Before and after tables

I have achieved this using a for loop and a load of data wrangling with dplyr and stringer.

The for loop is inelegant as I'm struggling with the logic to identify adjacent rows sequentially. This is not important as the grouping variable is just a helper - but it galls me.

I also wonder if there might be a more efficient way to do this altogether maybe using rowwise and mutate with lead or lag.

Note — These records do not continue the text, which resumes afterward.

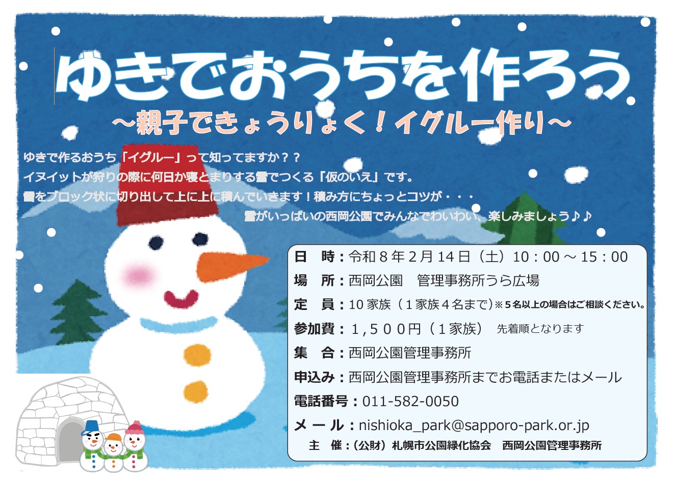 申込み:1月22日より西岡公園管理事務所までお電話またはメールにて受付中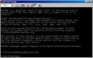 ANSiMat is a graphical viewer of ANSI art files. It can also be used to convert ANSI (or plain ASCII) files into regular (BMP, TGA, PCX...) graphic files, or into animations (FLC). Altough not initially designed for this, ANSiMat can be successfully used as an ASCII art viewer, or even simple text files viewer. |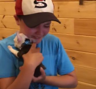Реакция мальчика на подаренного щенка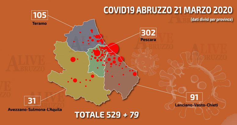 La mappa dei casi positivi registrati nella nostra Regione dall’inizio dell’emergenza, comune per comune aggiornata al 21 marzo.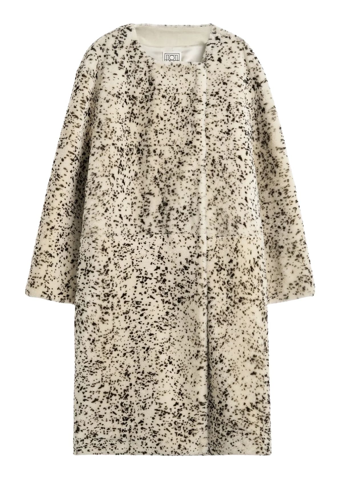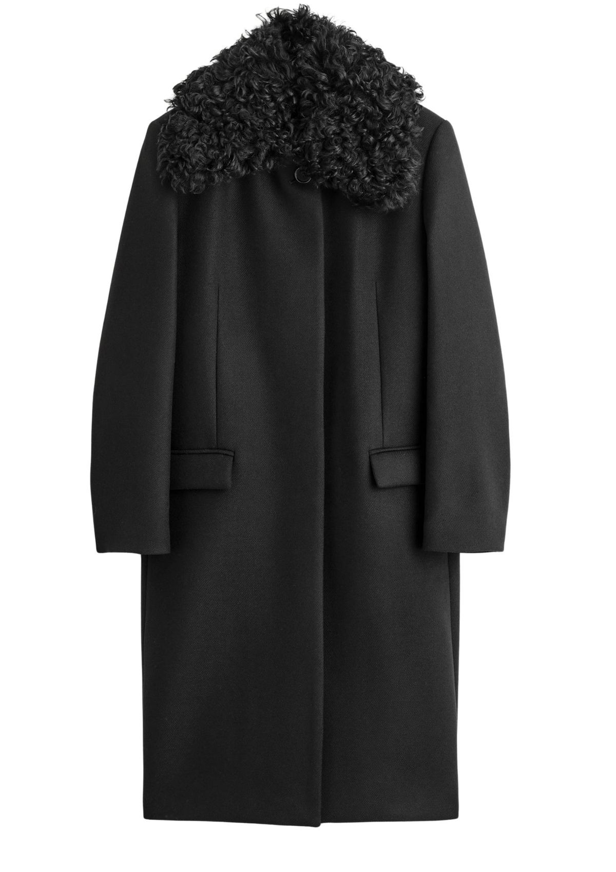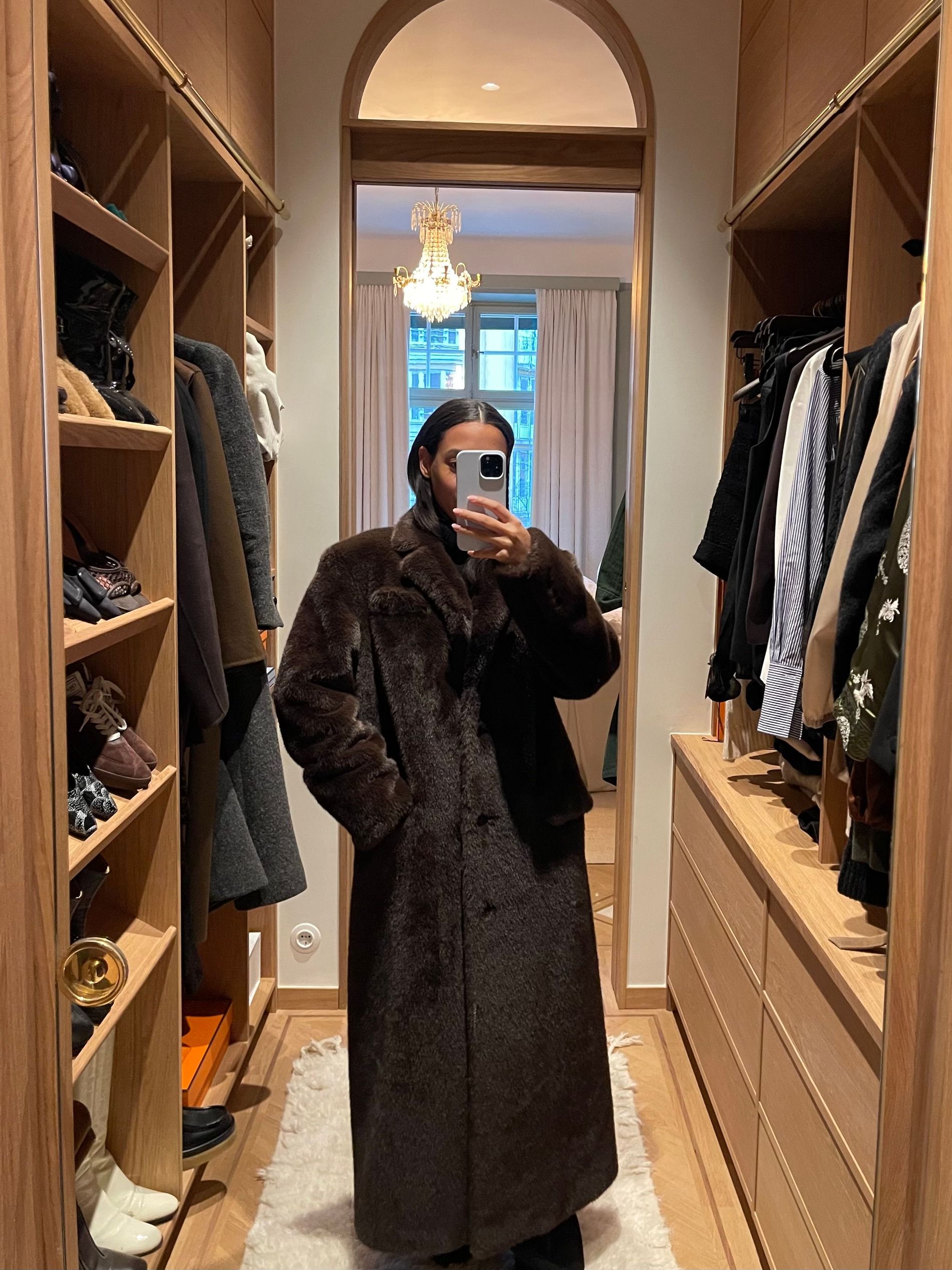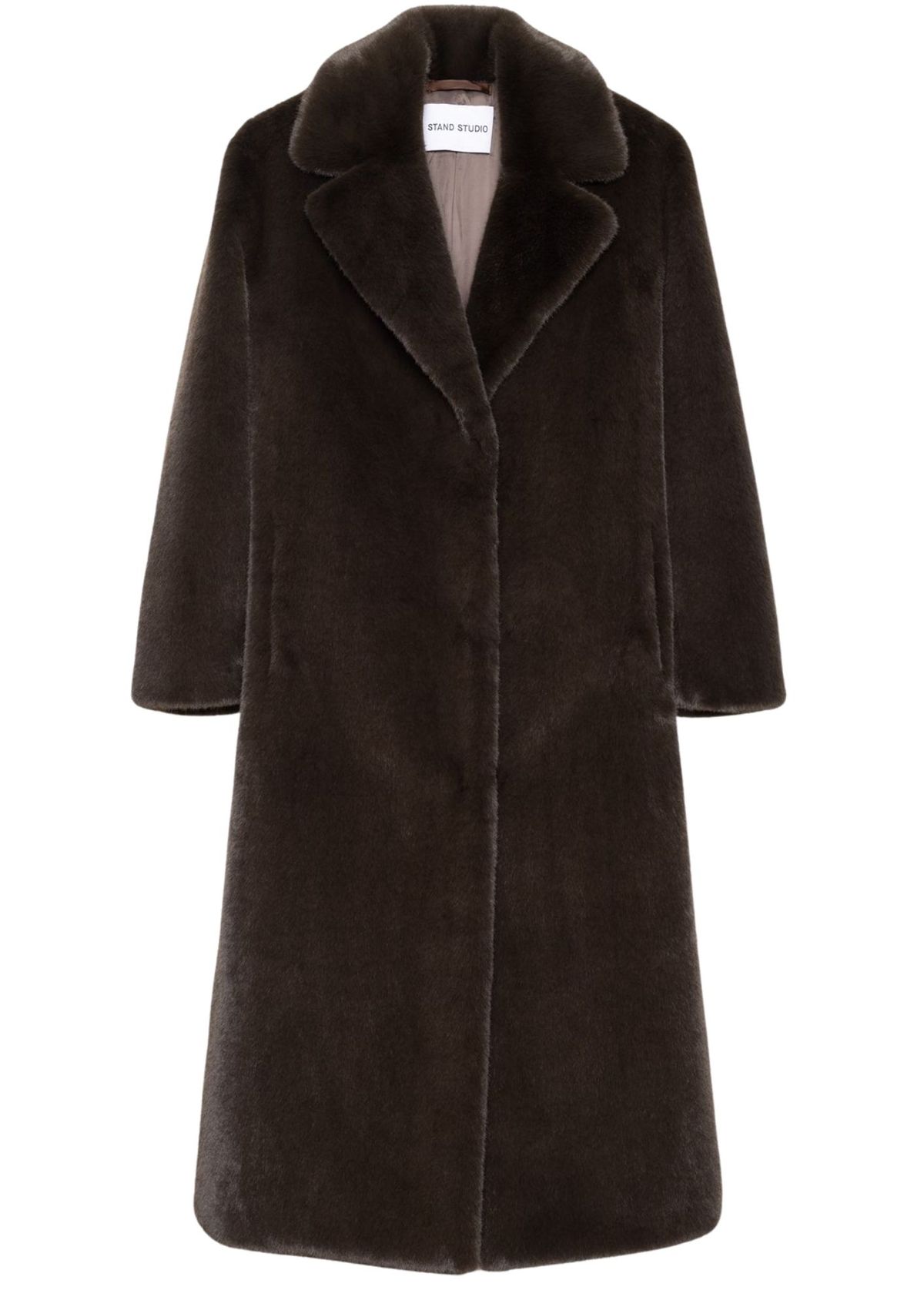 At first glance: This long faux-fur coat checks all the boxes. It has a relaxed fit and a lovely design details, like the top-right pocket that perfectly complements the lapels.

Any guidance or pointers would be appreciated.

library(tidyverse)

tib <- tibble(id = 1:11,
              var = c("a", NA, NA, "b", "c" , NA, "d", NA, NA, NA, "e"),
              txt = c( NA, "the", "cat",  NA,  NA, "sat", NA, "on", "the", "mat", NA),
              nr = c( NA,  NA, 5, NA, NA, 10, 7, NA, NA, 15, 11),
              txt_group = NA_integer_)

# txt_group = helper column for text grouping variable

txt_group_counter <- 1L


for(i in seq_len(nrow(tib))){

  if (!is.na(tib$txt[i]) | !is.na(lag(tib$txt[i]))){

    tib$txt_group[i] <- txt_group_counter
   } 

  if(is.na(tib$txt[i]) | !is.na(lead(tib$txt[i]))){

    txt_group_counter <- txt_group_counter + 1
  }

}


tib1 <- 
  tib %>%
  filter(!is.na(txt_group)) %>% 
  group_by(txt_group) %>% 
  mutate(id_comb = paste(id, collapse = ", "),
         txt = paste(txt, collapse = ""),
         nr = paste(nr, collapse = "")) %>% 
  select(-id) %>% 
  distinct() %>% 
  ungroup() %>% 
  mutate(id = as.numeric(str_extract(id_comb, "^\\d")),
         nr = as.numeric(str_remove_all(nr, "[NA]"))) %>% 
  select(id, id_comb, everything()) %>% 
  bind_rows(tib %>% filter(is.na(txt_group))) %>% 
  arrange(id) %>% 
  select(-txt_group)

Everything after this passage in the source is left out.